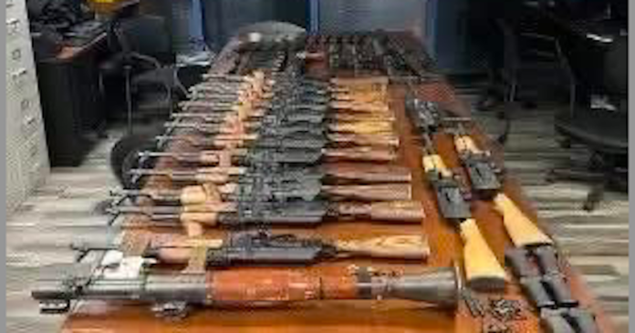 Tras una inspección más detallada, agentes localizaron un compartimento oculto donde se encontraba un tubo lanzagranadas tipo RPG, cuatro rifles, una pistola tipo AK, 16 rifles adicionales tipo AK, 24 cargadores, 16 culatas, 20 empuñaduras y diversas piezas para ensamblaje de armas.
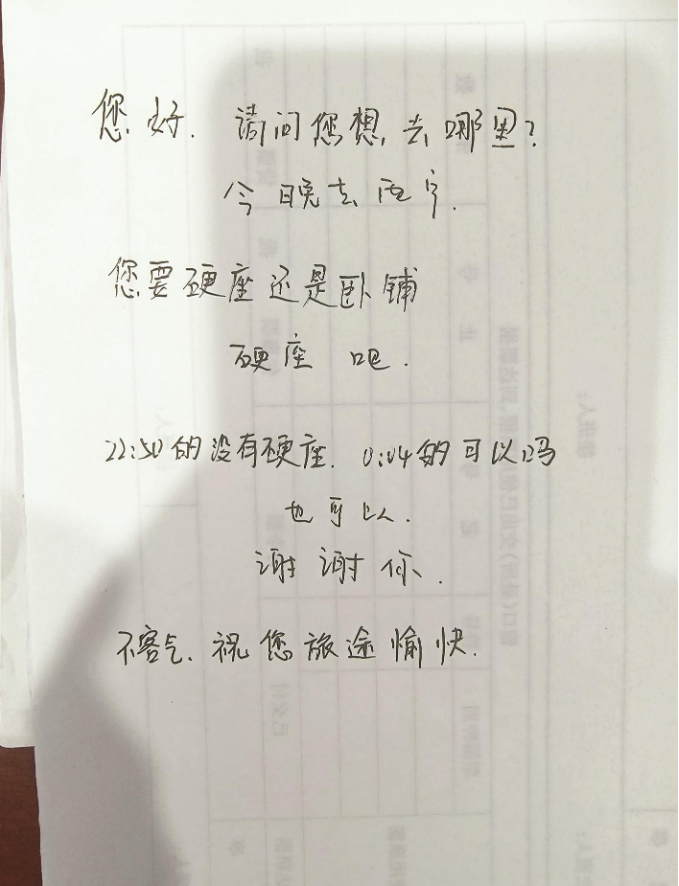 一來一回的文字交流后,山重蘭幫這名旅客很快購買到前往西寧的車票。考慮到乘車時間是0時,為防旅客誤車,山重蘭在乘車提示單上特意注明:“今晚23時30分左右過來坐車。”旅客接過提示單,豎起大拇指并寫下“謝謝你”,山重蘭認真回復:“不客氣,祝您旅途愉快!”
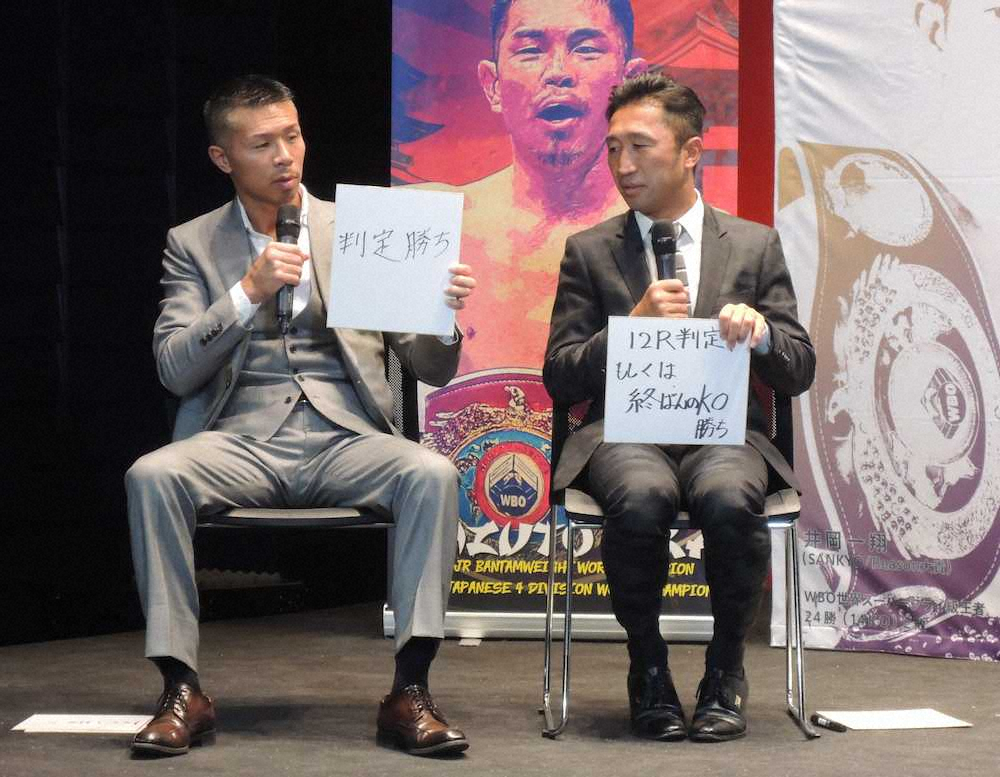 試合の結果予想はWBO世界フライ級王者・田中恒成(24=畑中)がともに「KO勝ち」と予想したが、WBO世界スーパーフライ級王者・井岡一翔(30=Reason大貴)については内山氏が「判定勝ち」、内藤氏は「12回判定か終盤KO」と、微妙に分かれた。

=== What you will do ===
Without including any picture, copy the listing above exactly and in full.

=== Task output ===
 Tras una inspección más detallada, agentes localizaron un compartimento oculto donde se encontraba un tubo lanzagranadas tipo RPG, cuatro rifles, una pistola tipo AK, 16 rifles adicionales tipo AK, 24 cargadores, 16 culatas, 20 empuñaduras y diversas piezas para ensamblaje de armas.
 一來一回的文字交流后,山重蘭幫這名旅客很快購買到前往西寧的車票。考慮到乘車時間是0時,為防旅客誤車,山重蘭在乘車提示單上特意注明:“今晚23時30分左右過來坐車。”旅客接過提示單,豎起大拇指并寫下“謝謝你”,山重蘭認真回復:“不客氣,祝您旅途愉快!”
 試合の結果予想はWBO世界フライ級王者・田中恒成(24=畑中)がともに「KO勝ち」と予想したが、WBO世界スーパーフライ級王者・井岡一翔(30=Reason大貴)については内山氏が「判定勝ち」、内藤氏は「12回判定か終盤KO」と、微妙に分かれた。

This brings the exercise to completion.